=== Work instructions ===
Each line of the data below should be restated exactly, with images left out.

═══ Dataset extract ═══

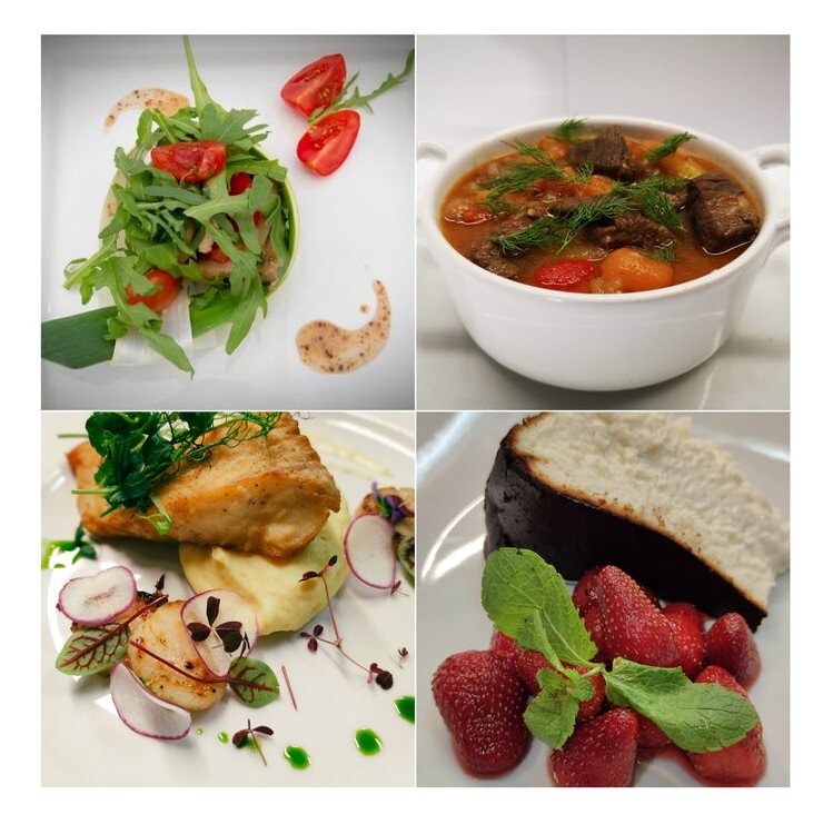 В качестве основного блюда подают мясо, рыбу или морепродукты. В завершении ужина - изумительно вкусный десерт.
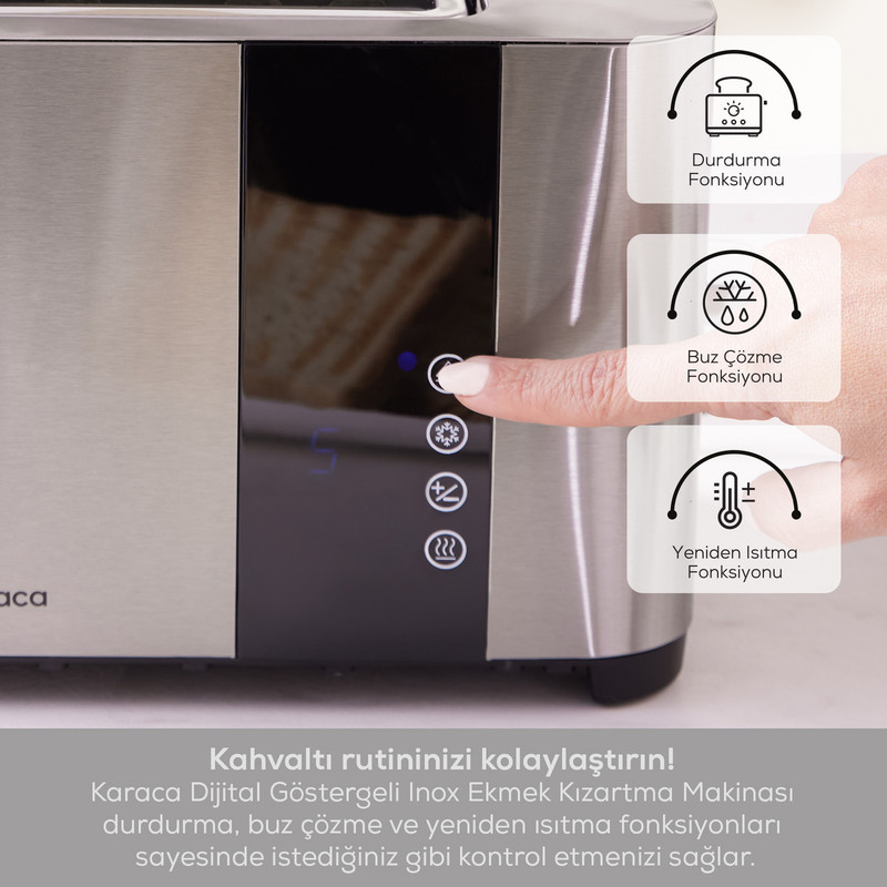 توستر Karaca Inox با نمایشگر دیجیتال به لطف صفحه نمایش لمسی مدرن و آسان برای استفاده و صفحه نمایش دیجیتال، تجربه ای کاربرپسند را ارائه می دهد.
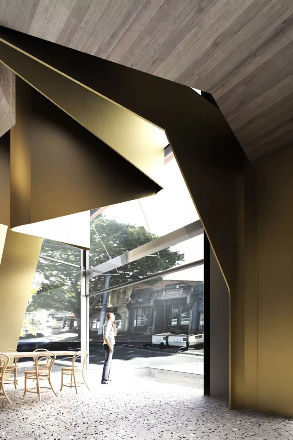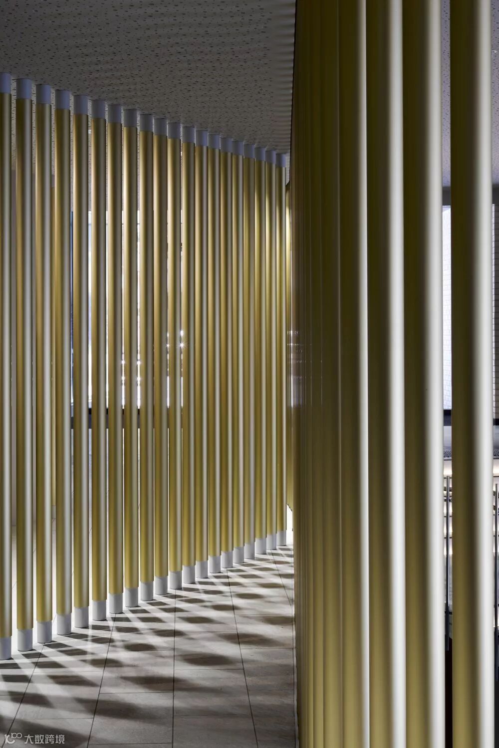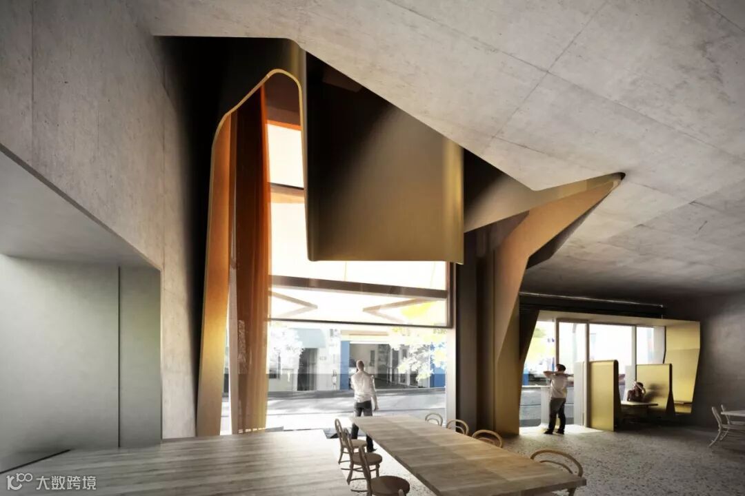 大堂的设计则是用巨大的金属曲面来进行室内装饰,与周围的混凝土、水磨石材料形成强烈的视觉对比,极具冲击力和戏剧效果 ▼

═══

=== Task response ===
 В качестве основного блюда подают мясо, рыбу или морепродукты. В завершении ужина - изумительно вкусный десерт.
 توستر Karaca Inox با نمایشگر دیجیتال به لطف صفحه نمایش لمسی مدرن و آسان برای استفاده و صفحه نمایش دیجیتال، تجربه ای کاربرپسند را ارائه می دهد.
 大堂的设计则是用巨大的金属曲面来进行室内装饰,与周围的混凝土、水磨石材料形成强烈的视觉对比,极具冲击力和戏剧效果 ▼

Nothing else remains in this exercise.